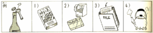 4)(____) カップラーメンは 食べたら、カップを 捨てます。
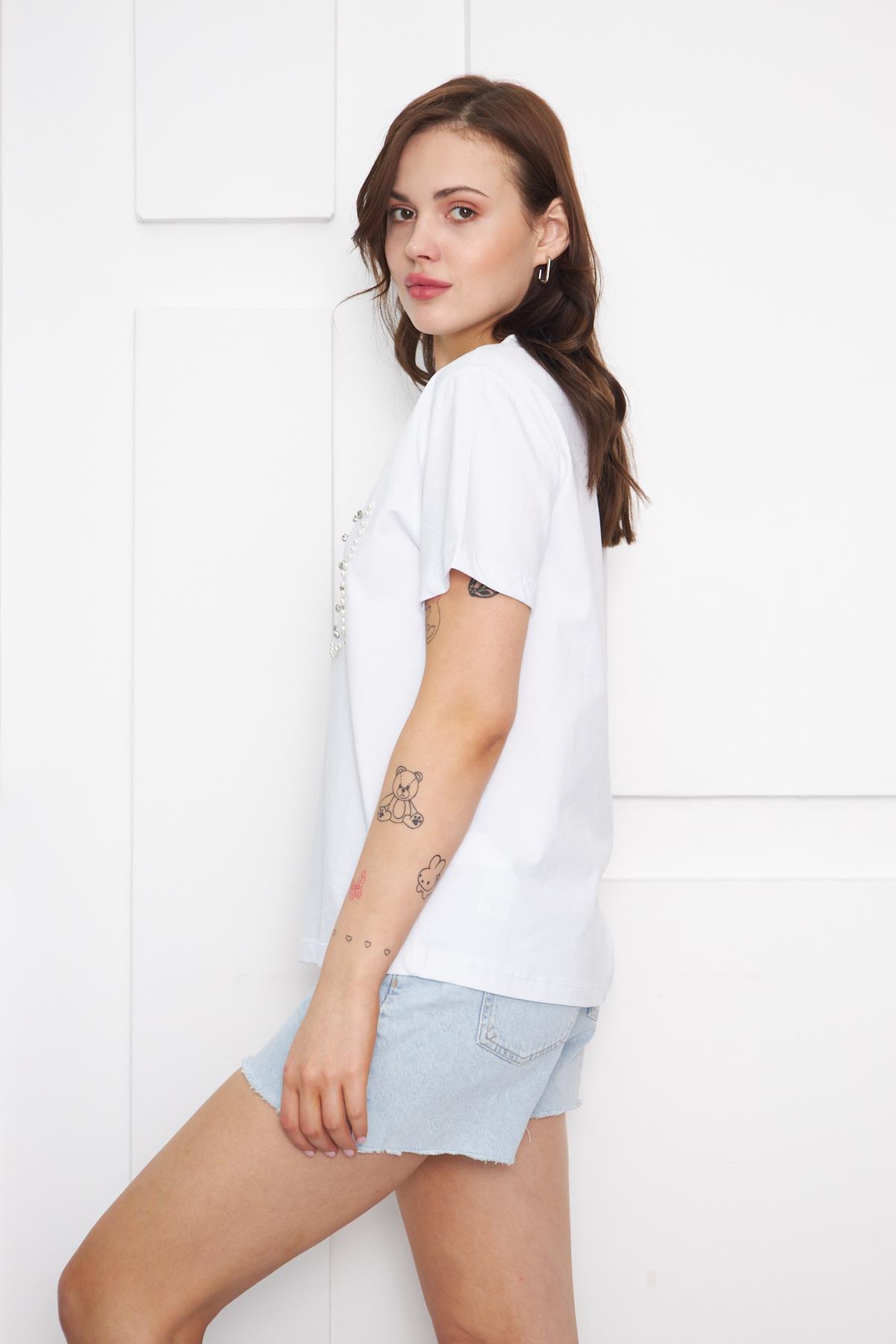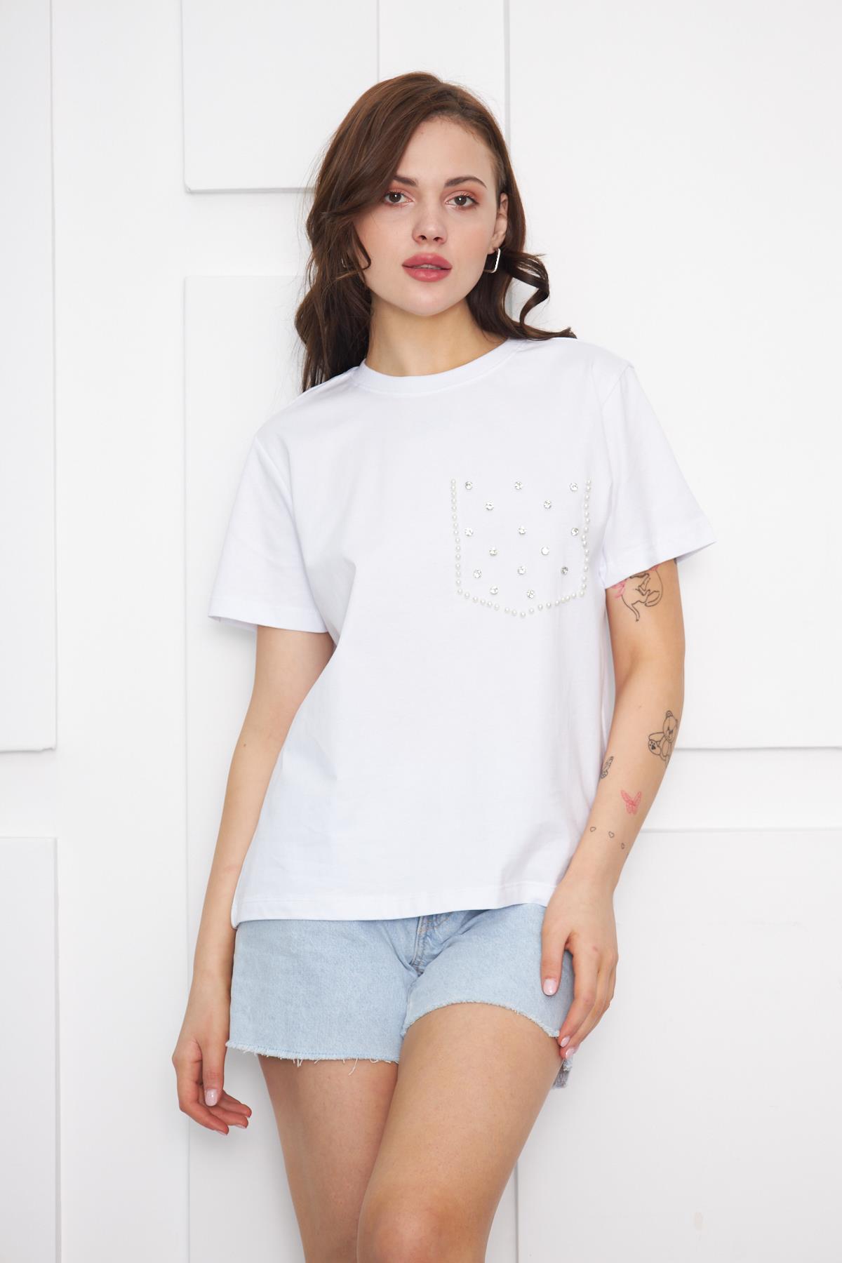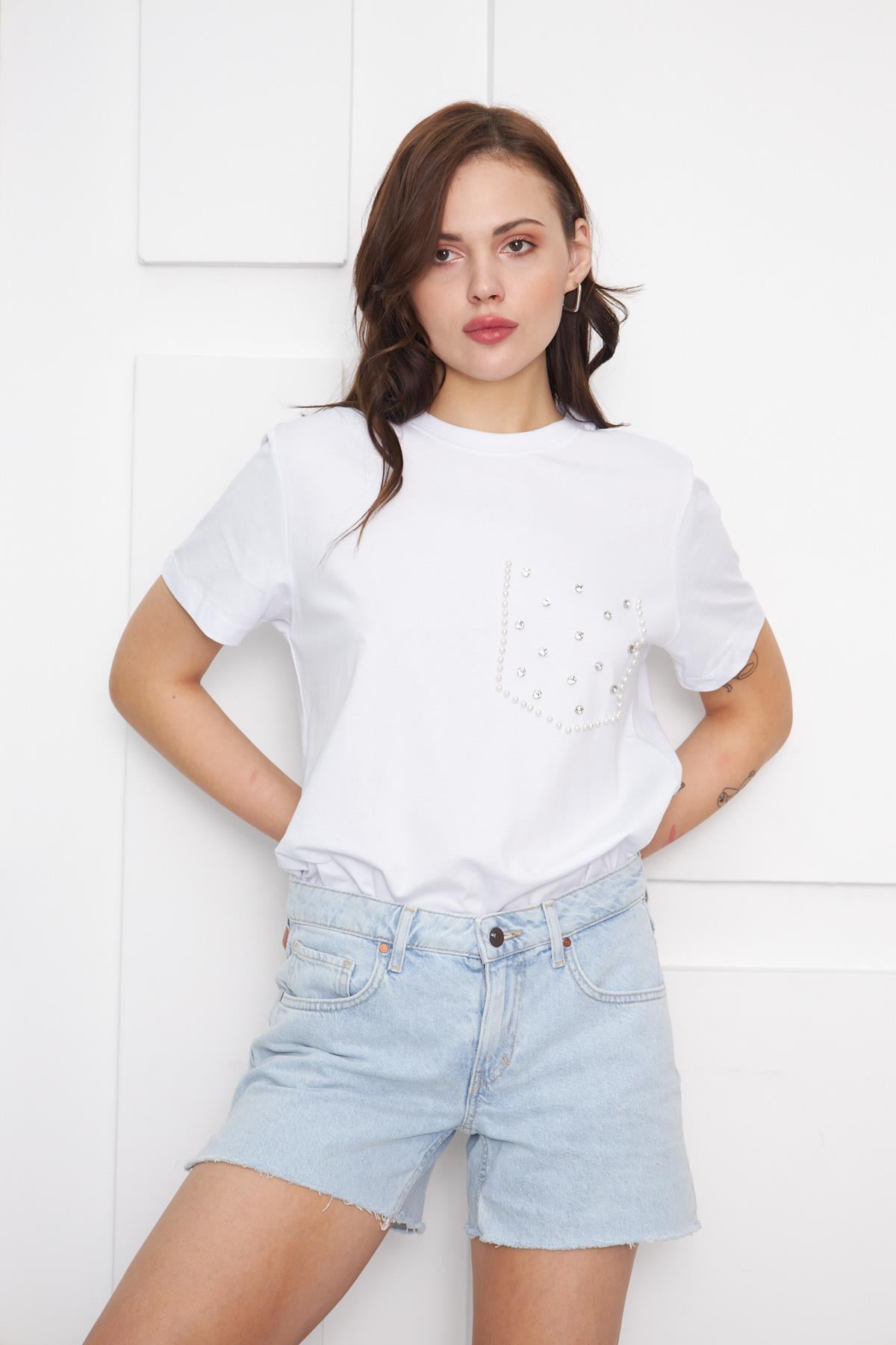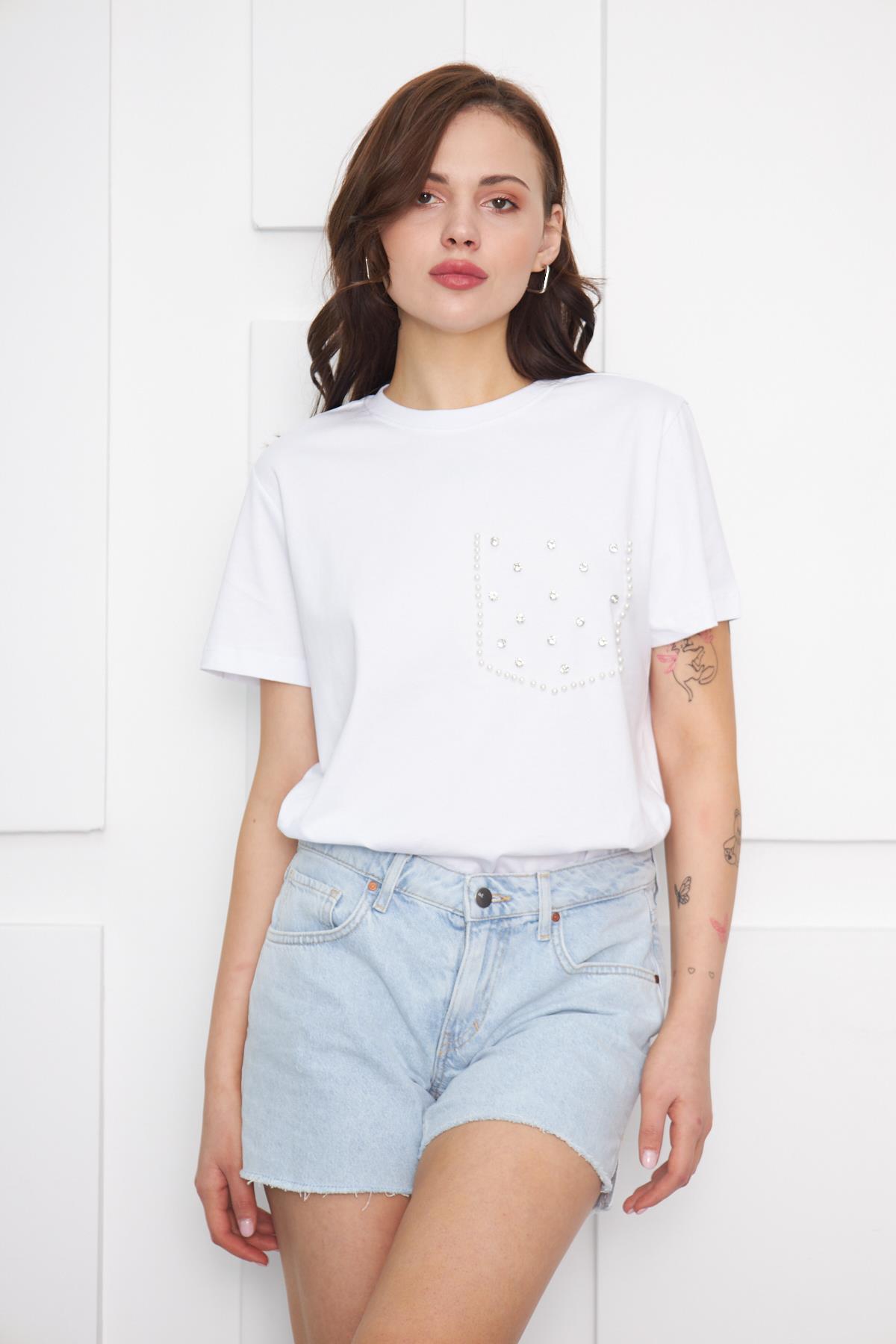 Cep Taş ve Boncuklu T- Shirt
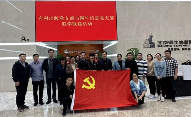 近日,有科出版黨員代表赴北京銅牛信息科技股份有限公司開展黨支部聯(lián)學(xué)聯(lián)建活動。有科出版黨支部書記錢九紅、銅牛信息黨支部書記高鴻波等20余人參加活動。

┄┄┄┄┄┄

### WORK ITEM
Print the data above exactly; drop every picture.

### OUTPUT FOR THIS TASK
 4)(____) カップラーメンは 食べたら、カップを 捨てます。
 Cep Taş ve Boncuklu T- Shirt
 近日,有科出版黨員代表赴北京銅牛信息科技股份有限公司開展黨支部聯(lián)學(xué)聯(lián)建活動。有科出版黨支部書記錢九紅、銅牛信息黨支部書記高鴻波等20余人參加活動。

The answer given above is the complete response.